Your answer must consist only of the lines from the start of the entries through the line that holds "豆柴(docile)双拼风干", copied exactly, with no pictures.

----------

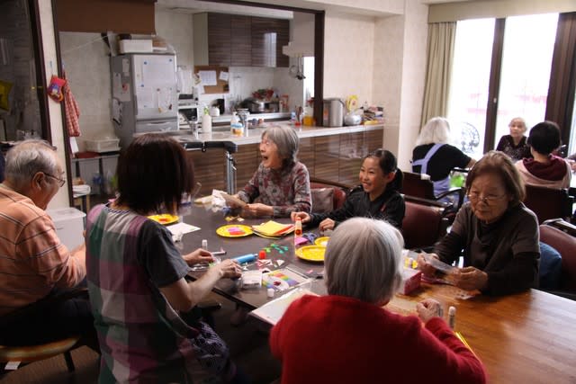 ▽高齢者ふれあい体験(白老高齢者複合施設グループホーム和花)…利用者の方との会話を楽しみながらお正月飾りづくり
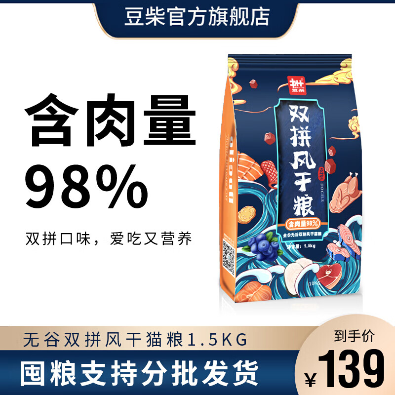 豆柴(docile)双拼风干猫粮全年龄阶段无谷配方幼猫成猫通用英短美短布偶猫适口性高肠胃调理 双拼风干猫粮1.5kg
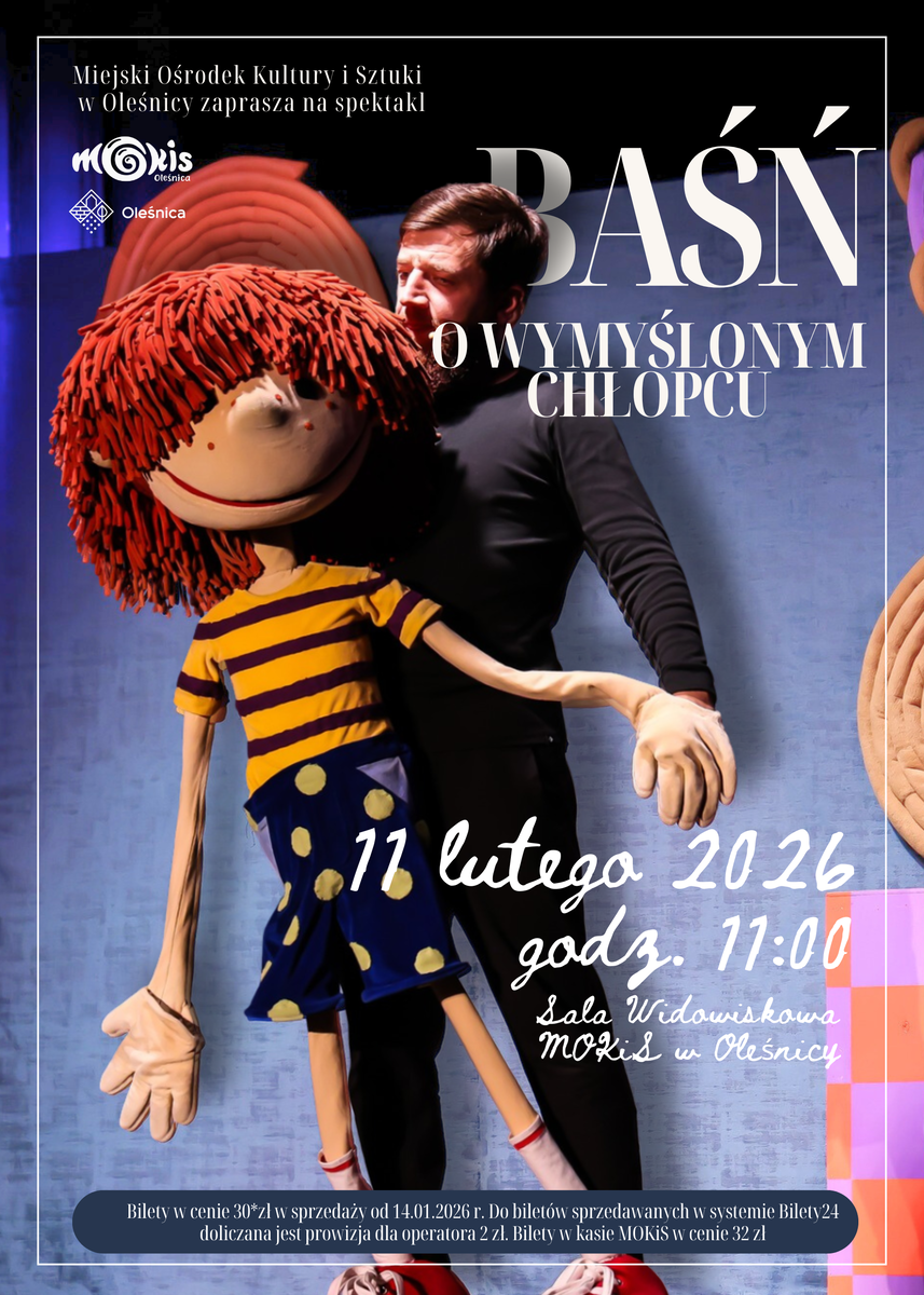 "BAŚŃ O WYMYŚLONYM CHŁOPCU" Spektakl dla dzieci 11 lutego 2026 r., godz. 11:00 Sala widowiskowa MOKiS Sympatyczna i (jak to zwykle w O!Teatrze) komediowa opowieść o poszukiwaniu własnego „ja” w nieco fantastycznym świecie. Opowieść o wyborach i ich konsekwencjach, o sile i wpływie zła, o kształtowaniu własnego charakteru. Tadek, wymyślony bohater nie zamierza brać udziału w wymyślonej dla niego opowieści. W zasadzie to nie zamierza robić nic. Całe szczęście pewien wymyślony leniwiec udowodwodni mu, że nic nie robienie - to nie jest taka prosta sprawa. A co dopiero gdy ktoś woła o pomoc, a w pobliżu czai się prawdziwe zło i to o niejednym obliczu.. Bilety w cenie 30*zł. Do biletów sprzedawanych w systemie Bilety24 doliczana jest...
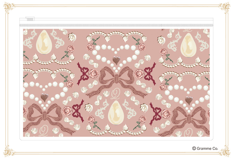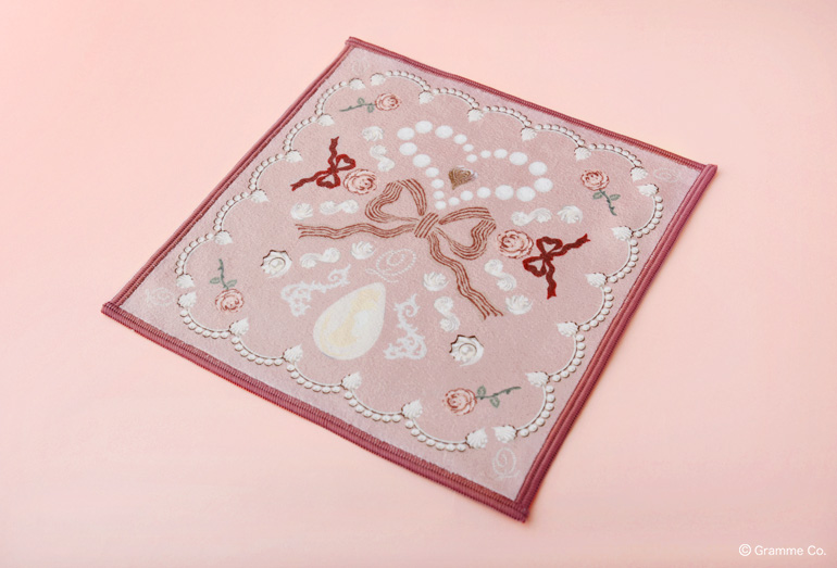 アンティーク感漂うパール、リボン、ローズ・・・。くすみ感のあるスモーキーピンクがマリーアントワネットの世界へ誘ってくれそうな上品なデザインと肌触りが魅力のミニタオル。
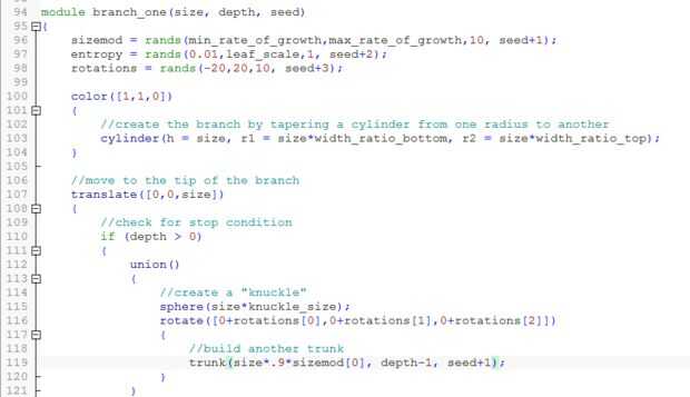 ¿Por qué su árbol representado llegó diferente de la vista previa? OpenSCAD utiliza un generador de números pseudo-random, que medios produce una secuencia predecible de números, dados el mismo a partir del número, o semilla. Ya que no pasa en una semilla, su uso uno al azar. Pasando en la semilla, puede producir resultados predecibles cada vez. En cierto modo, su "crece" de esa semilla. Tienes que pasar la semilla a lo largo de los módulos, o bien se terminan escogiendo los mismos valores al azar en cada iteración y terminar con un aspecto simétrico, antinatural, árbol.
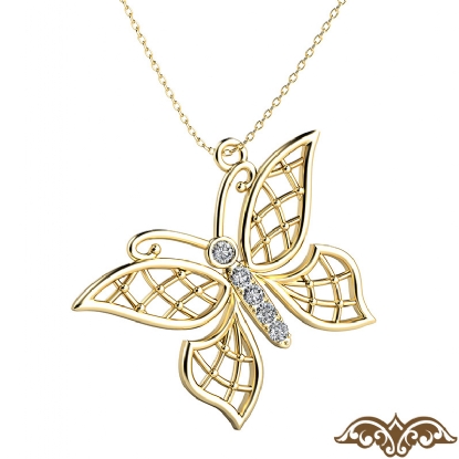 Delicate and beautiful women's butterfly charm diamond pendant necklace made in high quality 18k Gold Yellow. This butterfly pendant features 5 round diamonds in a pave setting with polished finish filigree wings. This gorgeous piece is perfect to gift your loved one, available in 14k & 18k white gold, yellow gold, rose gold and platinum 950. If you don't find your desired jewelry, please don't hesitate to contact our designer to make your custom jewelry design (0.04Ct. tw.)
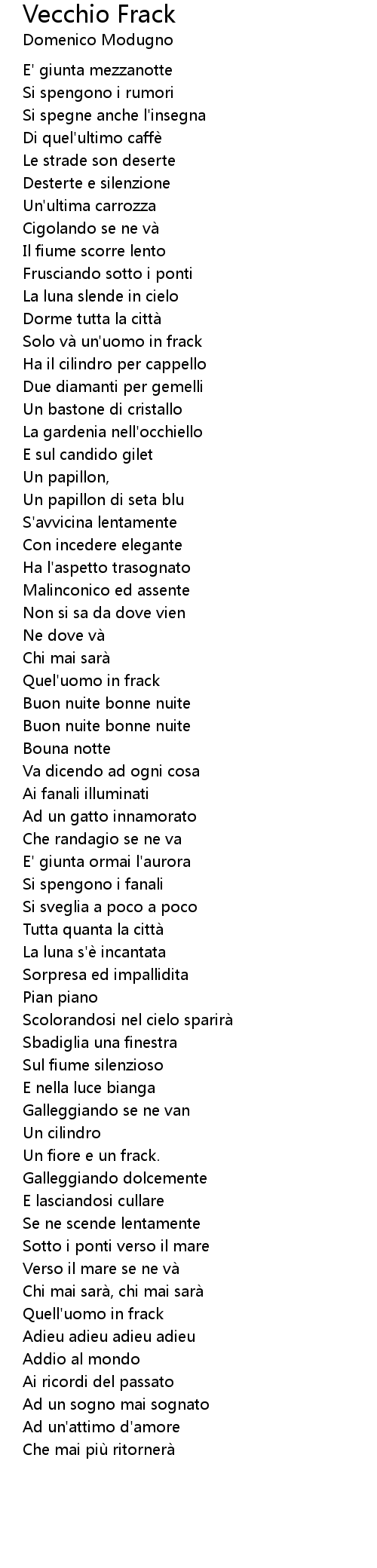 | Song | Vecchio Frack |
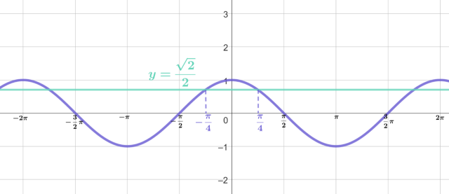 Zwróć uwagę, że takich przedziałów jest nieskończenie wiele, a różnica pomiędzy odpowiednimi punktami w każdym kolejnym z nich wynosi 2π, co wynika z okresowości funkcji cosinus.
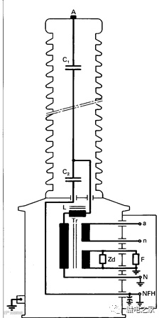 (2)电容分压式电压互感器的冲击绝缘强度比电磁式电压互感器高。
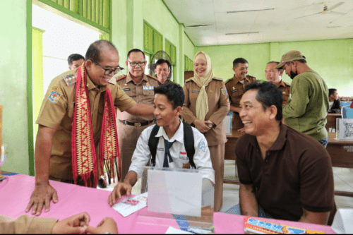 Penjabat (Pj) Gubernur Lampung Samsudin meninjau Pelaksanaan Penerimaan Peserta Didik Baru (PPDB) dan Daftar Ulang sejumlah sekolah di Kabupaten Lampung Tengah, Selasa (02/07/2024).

----------

Reply to the exercise:
 ▽高齢者ふれあい体験(白老高齢者複合施設グループホーム和花)…利用者の方との会話を楽しみながらお正月飾りづくり
 豆柴(docile)双拼风干猫粮全年龄阶段无谷配方幼猫成猫通用英短美短布偶猫适口性高肠胃调理 双拼风干猫粮1.5kg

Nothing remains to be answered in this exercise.